→ Exercise goal: Print the lines below word for word, beginning with the first and ending with the line that holds "Cross-Strait relations |", and skip every picture.

*** Data for processing ***

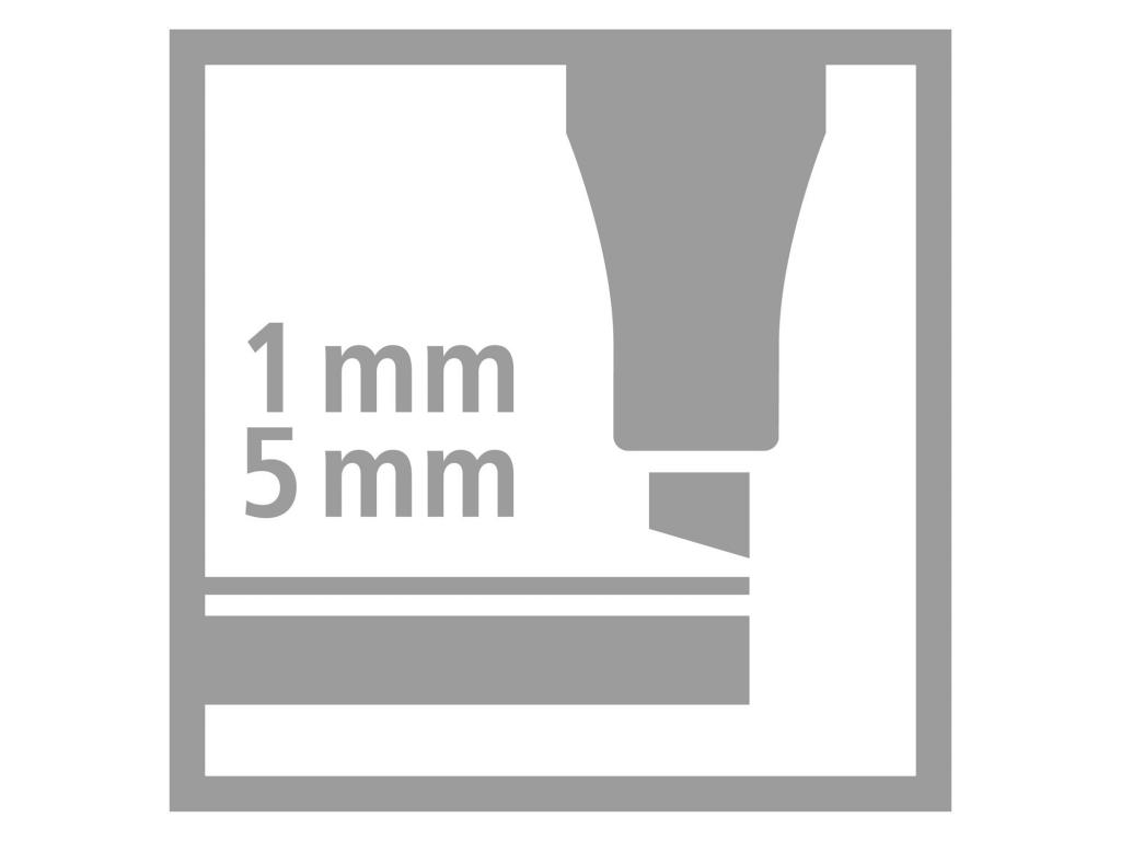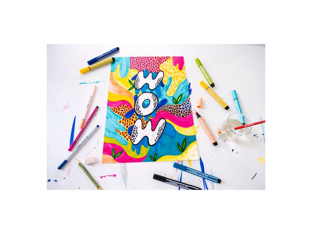 A ferde hegy 5 mm és 1 mm széles vonalakhoz egyaránt használható, és tökéletesen alkalmas durva és merész vázlatokhoz és nagy területek színezéséhez, de éles élek és pontos kontúrok létrehozásához is. nagy területek rajzolásához és színezéséhez, de éles élek és pontos kontúrok létrehozásához is. A hobbiművészek és a kreatív szakemberek egyaránt értékelik a STABILO Pen 68 MAX által kínált széleskörű lehetőségeket: Festés, rajzolás, absztrakt minták, kézi betűírás, újságírás és még sok más. A vízbázisú tintának köszönhetően a lélegzetelállító akvarellhatású műalkotások létrehozása gyerekjáték. A 12 órás száradásvédelemnek köszönhetően a STABILO Pen 68 MAX nem szab időbeli korlátot semmilyen kreatív projektnek.
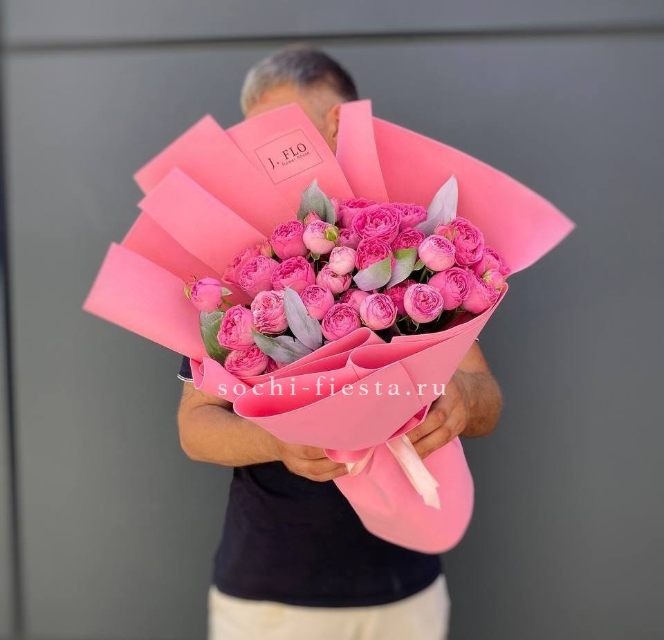 13 кустовых роз Bombastic, лента, дизайнерская упаковка.
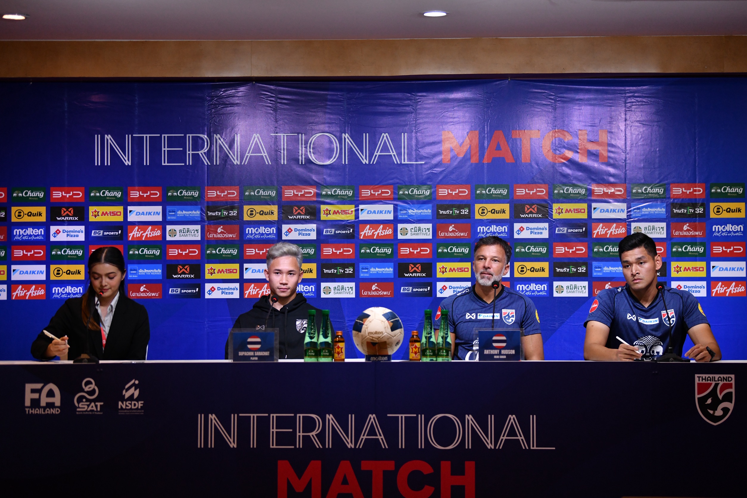 การแถลงข่าวครั้งนี้นำโดย “แอนโธนี ฮัดสัน” หัวหน้าผู้ฝึกสอนฟุตบอลชายทีมชาติไทย พร้อมด้วย “สุภโชค สารชาติ" แนวรุกของทีม
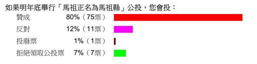 | Keywords: Polling results of Matsu Renaming.svg en Polling results showing the intended response if a referendum of renaming of Matsu is started zh-hans 马祖正名投票意向 zh-hant 馬祖正名投票意向 own Bencmq 2011-07-04 created with Inkscape validSVG Files by Bencmq SVG statistics Cross-Strait relations |
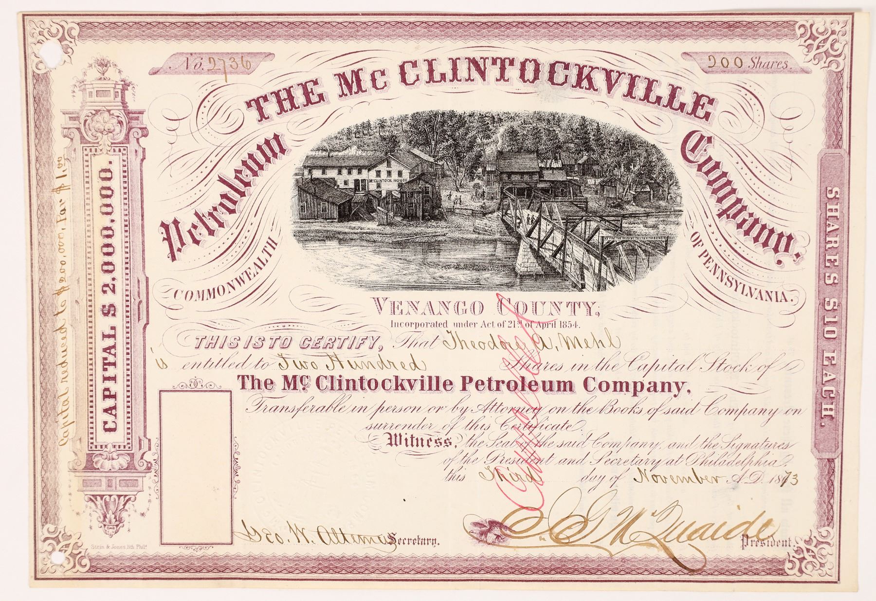 "Venango County" (printed under vignette). Inc. under Act of April 1854. No. 517, issued for 200 shares to Theodore Mehl in Philadelphia in 1873. Signed by president McQuaide and the secretary. Punch hole cancelled on left corners. Purple border and print. Beautiful vignette of bridge over river near village with one building labelled "McClintock House." Printed by Stein & Jones, Philadelphia. 8 x 11.5" Folds. Owned the Greenfield, Wright, & Whitman wells on the famous H. McClintock Farm at Oil Creek, Venango County, PA [The Petroleum Centre Daily Record, 26 Jul 1869]. Venango County, Oil Creek Pennsylvania Ken Prag Collection

*** End of Data for processing ***

→ Exercise response:
 A ferde hegy 5 mm és 1 mm széles vonalakhoz egyaránt használható, és tökéletesen alkalmas durva és merész vázlatokhoz és nagy területek színezéséhez, de éles élek és pontos kontúrok létrehozásához is. nagy területek rajzolásához és színezéséhez, de éles élek és pontos kontúrok létrehozásához is. A hobbiművészek és a kreatív szakemberek egyaránt értékelik a STABILO Pen 68 MAX által kínált széleskörű lehetőségeket: Festés, rajzolás, absztrakt minták, kézi betűírás, újságírás és még sok más. A vízbázisú tintának köszönhetően a lélegzetelállító akvarellhatású műalkotások létrehozása gyerekjáték. A 12 órás száradásvédelemnek köszönhetően a STABILO Pen 68 MAX nem szab időbeli korlátot semmilyen kreatív projektnek.
 13 кустовых роз Bombastic, лента, дизайнерская упаковка.
 การแถลงข่าวครั้งนี้นำโดย “แอนโธนี ฮัดสัน” หัวหน้าผู้ฝึกสอนฟุตบอลชายทีมชาติไทย พร้อมด้วย “สุภโชค สารชาติ" แนวรุกของทีม
 | Keywords: Polling results of Matsu Renaming.svg en Polling results showing the intended response if a referendum of renaming of Matsu is started zh-hans 马祖正名投票意向 zh-hant 馬祖正名投票意向 own Bencmq 2011-07-04 created with Inkscape validSVG Files by Bencmq SVG statistics Cross-Strait relations |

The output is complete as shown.